I know you know "all the words" and what they mean, but I don’t know that you’ve been affected by it in your soul. It didn’t happen for me until after I read The Way of the Master. Maybe this will trigger it for you too, or maybe it will be something else.

In any case, once you’ve experienced Godly sorrow, you can come to a place of true repentance. Asking God to forgive you, and turning from your sin. See, it’s not just about feeling guilty over it and confessing it, but feeling so sorrowful that you don’t want to do it anymore. When you’ve asked for that forgiveness, it’s been given to you. There’s no reason to wallow in the guilt, that’s not going to do anything. You have to trust that once you’re forgiven, you’re forgiven.

"Therefore, my brothers, I want you to know that through Jesus the forgiveness of sins is proclaimed to you." - Acts 13:38

Move on, and move into a right relationship with God. Dig into the Word to better know Him, and what He wants to do with your life.

 

About The Author:

Candace is best known for her role as DJ Tanner on ABC’s hit sitcom Full House.

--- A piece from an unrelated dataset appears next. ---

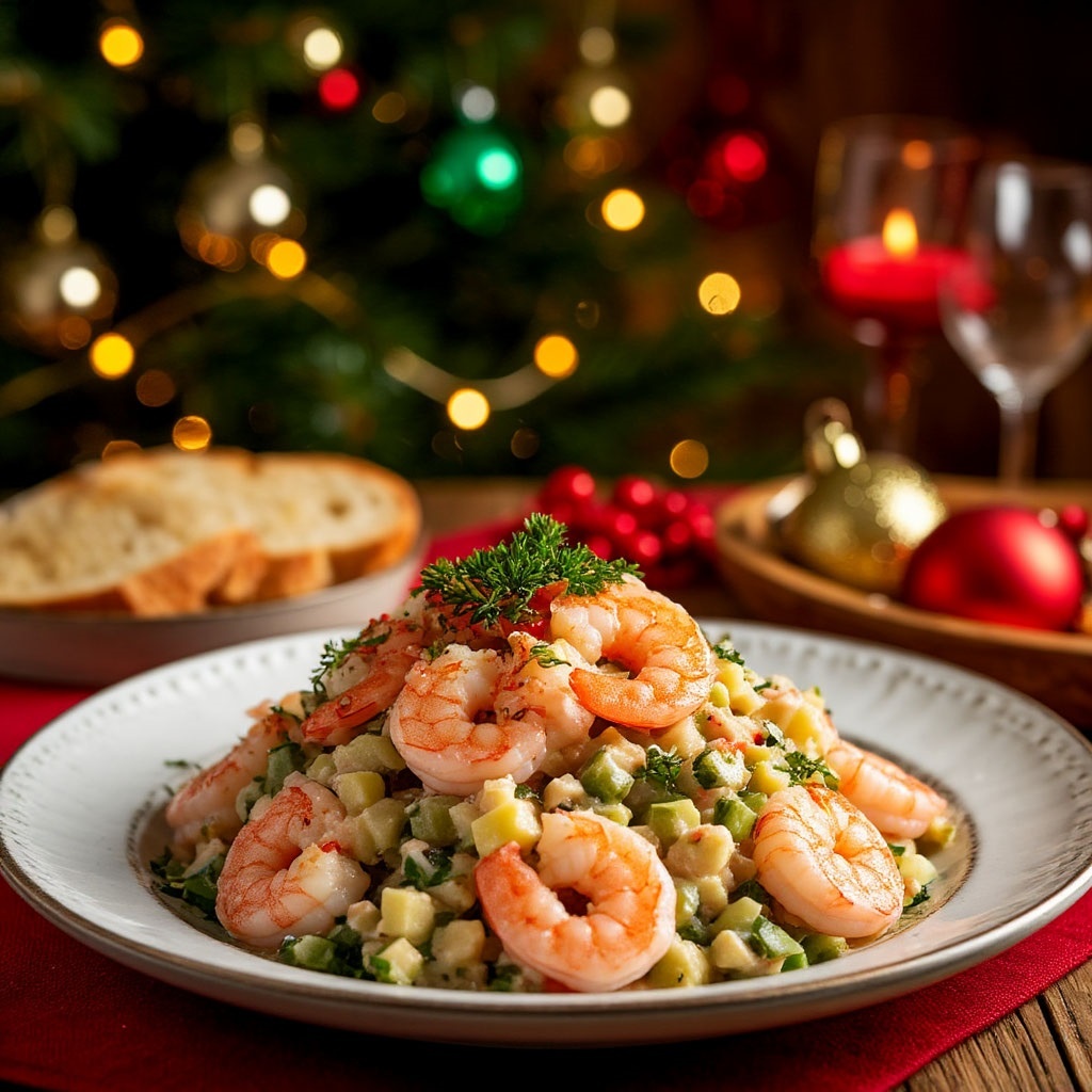 Салат Оливье – это не просто блюдо, это символ праздника, уютных семейных вечеров и, конечно же, Нового года. Его знают и любят практически все, но что, если мы скажем вам, что можно придать этому проверенному временем рецепту новое, более изысканное звучание? Представляем вам Оливье с креветками – блюдо, которое удивит ваших гостей и подарит вам новые гастрономические впечатления. Почему именно креветки? Традиционный Оливье с колбасой или мясом – это сытно и вкусно. Но креветки добавляют салату легкости, нежности и утонченности. Их сладковатый вкус прекрасно сочетается с привычными ингредиентами, а текстура придает салату приятную пикантность. Это отличный вариант для тех, кто хочет попробовать что-то новое, но при этом сохранить любимый вкус Оливье. Ингредиенты, которые создают магию: Для приготовления нашего Оливье с креветками вам понадобятся: Шаг за шагом к идеальному салату: Вариации и секреты идеального вкуса: Оливье с креветками – это не просто замена традиционного ингредиента.

Over the years, Candace has been on a self-imposed hiatus in support of her husband, NHL hockey star Valeri Bure and their three beautiful children, ages 4, 6 & 8.

Candace currently speaks at various churches, colleges, and outreach events throughout the year sharing her testimony and Christian faith. She has a heart for evangelism and recently traveled on a missionary trip to Ghana, Africa. Her long history of charitable work includes the Starlight Foundation, Make-A-Wish, Compassion International, Children’s Hunger Fund and Sheridan House Family Ministries.

Learn more about Candace at her website, CandaceCameronBure.net.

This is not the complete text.